Dwan Edwards: While probably over-rated by most fans, Dwan brought a veteran presence in 2012 that manifested itself in 6 sacks, 52 tackles, 1 forced fumble, and 2 tackles for loss (previous high in sacks was 2.5 in 2011 with Buffalo). Dwan turned 32 this month, and has been a very steady producer in multiple schemes for the past 5 seasons (didn't do much during his first 3 years in BAL). Dwan's performance for the Panthers in 2012 earned him a new 2-year, $3.6m contract, ensuring there is veteran depth at the UT position.

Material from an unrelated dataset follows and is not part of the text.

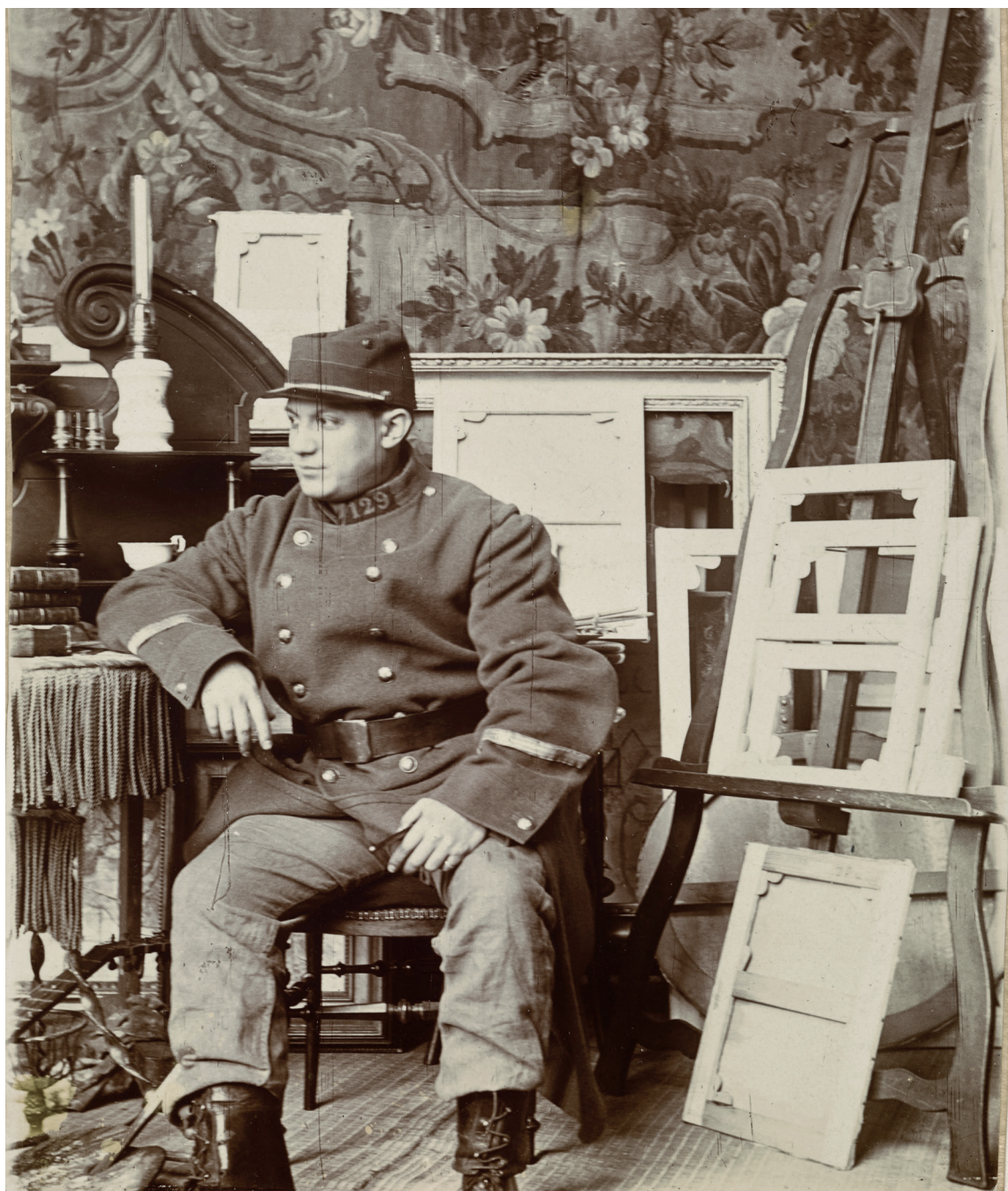
Georges Braque, Portrait de Picasso revêtu de l'uniforme militaire de Braque dans l'atelier du 11 boulevard de Clichy, Paris , photographie © Musée national Picasso-Paris © Adagp, Paris, 2018

Probability to make the 53 man roster: 99%
Probability to see significant snaps: 90%

Colin Cole: During his first 5 years in Green Bay, Cole put up solid numbers as a backup/rotational player. He became an immediate starter in Seattle in 2009 where he had a strong year, and his production continued into 2010; until, that is, he suffered a severe ankle sprain on Halloween. Cole managed to get back in the lineup and helped the Hawks win the West with a 7-9 record. He gets brownie points from me for being in the lineup that knocked the Saints out in the first playoff round. Multiple off-season surgeries followed, and he was not ready to return in 2011. Before 2012, the Panthers and other teams showed interest, but nothing came of it. This off-season, he reached out again to the Panthers, and was the first FA signing for Gettleman. Cole is ready to play some ball, and I like his chances (read more on Cole in this Panther.com article).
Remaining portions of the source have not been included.